Hospital leaders are increasing making use of project management information systems (PMIS), which are built around documentation and communication of project-specific information.
PMIS solutions are being applied to the daunting challenge of managing the large volumes of information involved in new construction projects.
Project management tools usually utilize a portal.
These tools can interface with administrative systems for best effect.
CIOs and other senior executives emphasize that good leadership and execution are fundamental to success, and that automated project management tools are supports, not substitutes for good strategic planning and execution.
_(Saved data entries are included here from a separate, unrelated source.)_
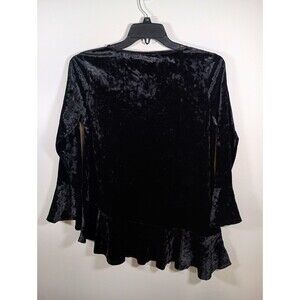 Linea Louis Dell'Ollio Velvet Asymmetrical Flutter Sleeves Black Top Size Small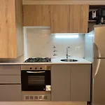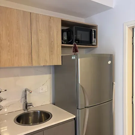 A fully furnished kitchen at Exclusivo Monoambiente Centro Pichincha Ubicacion Perfecta Apartment is equipped with a fridge and an oven for guests' needs. Exclusivo Monoambiente Centro Pichincha Ubicacion Perfecta Apartment is also not far from Rosario Central rail station.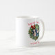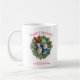 Esta caneca bonita faz um maravilhoso presente de Natal. Apresenta uma design divertida com um quadro de fotos da coroa de feriados onde você pode carregar sua própria foto. A legenda diz "Saudações da Época" e há espaço para uma breve saudação junto com o seu nome.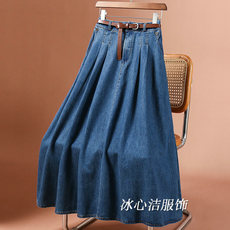 林乔芝2025新款女士秋季长款牛仔半身裙气质a字裙复古休闲半裙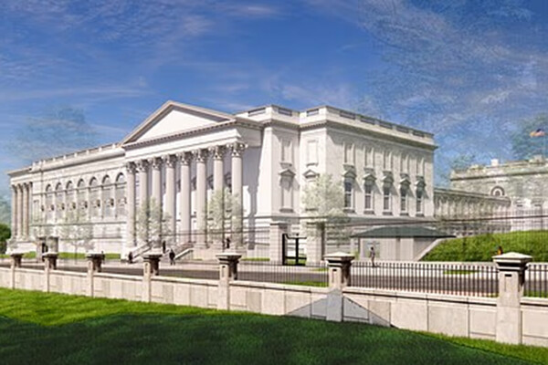 «Будучи идентичным по высоте и масштабу основному зданию, новый зал полностью соответствует историческому облику Белого дома. Это первая визуализация, представленная публике. Обратите внимание: северная стена нового крыла является репликой северного фасада Белого дома, который виден справа на изображении», — написал в посте Трамп.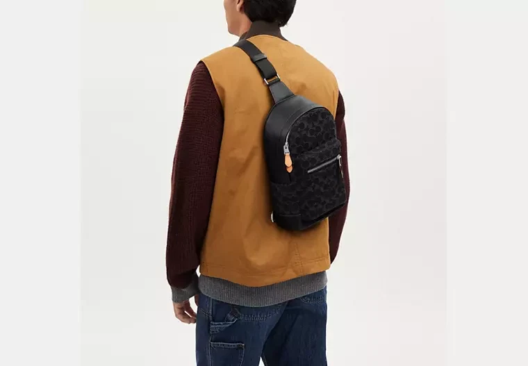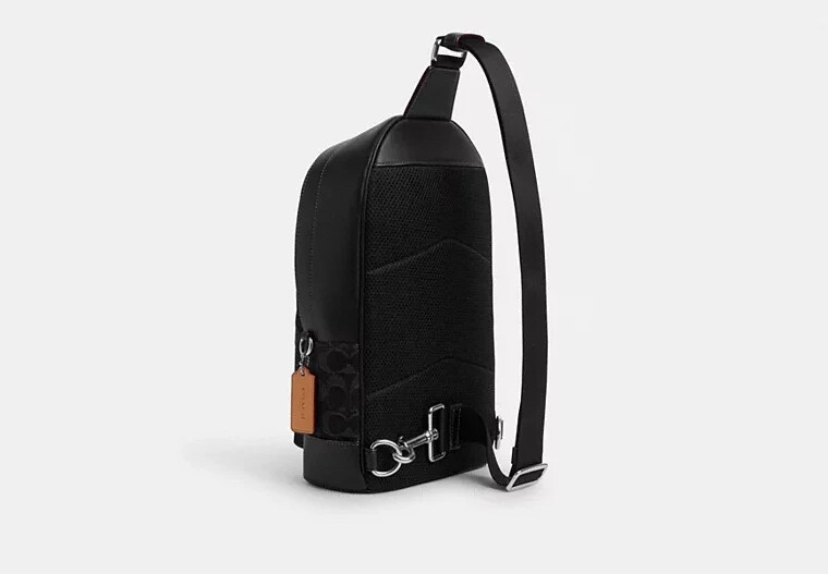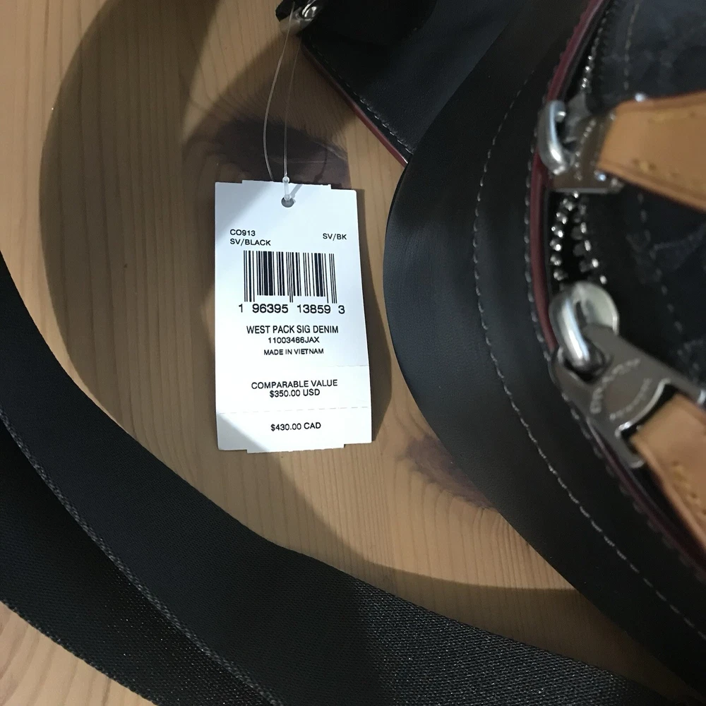 Silver/BlackSignature denim and smooth calf leatherInside multifunction pocketZip closure, fabric liningOutside zip pocketAdjustable shoulder strap with 44" length for crossbody wear7 3/4" (L) x 13" (H) x 3 1/4" (W)Style No. CO913

Boutet goes on to say that though most hospitals know all the standard best practices when it comes to building - things like starting early, having the right training and holding people accountable - he says the project management tools are really secondary when it comes to bringing home a successful project. “I've worked on many different hospitals and it's not really about the tools; the secret sauce is in the approach and the execution that overshadows the tools themselves and provides the value for the CIOs.” He says. “Don't let the tools run the project -it's still about the leadership and the execution of the project.”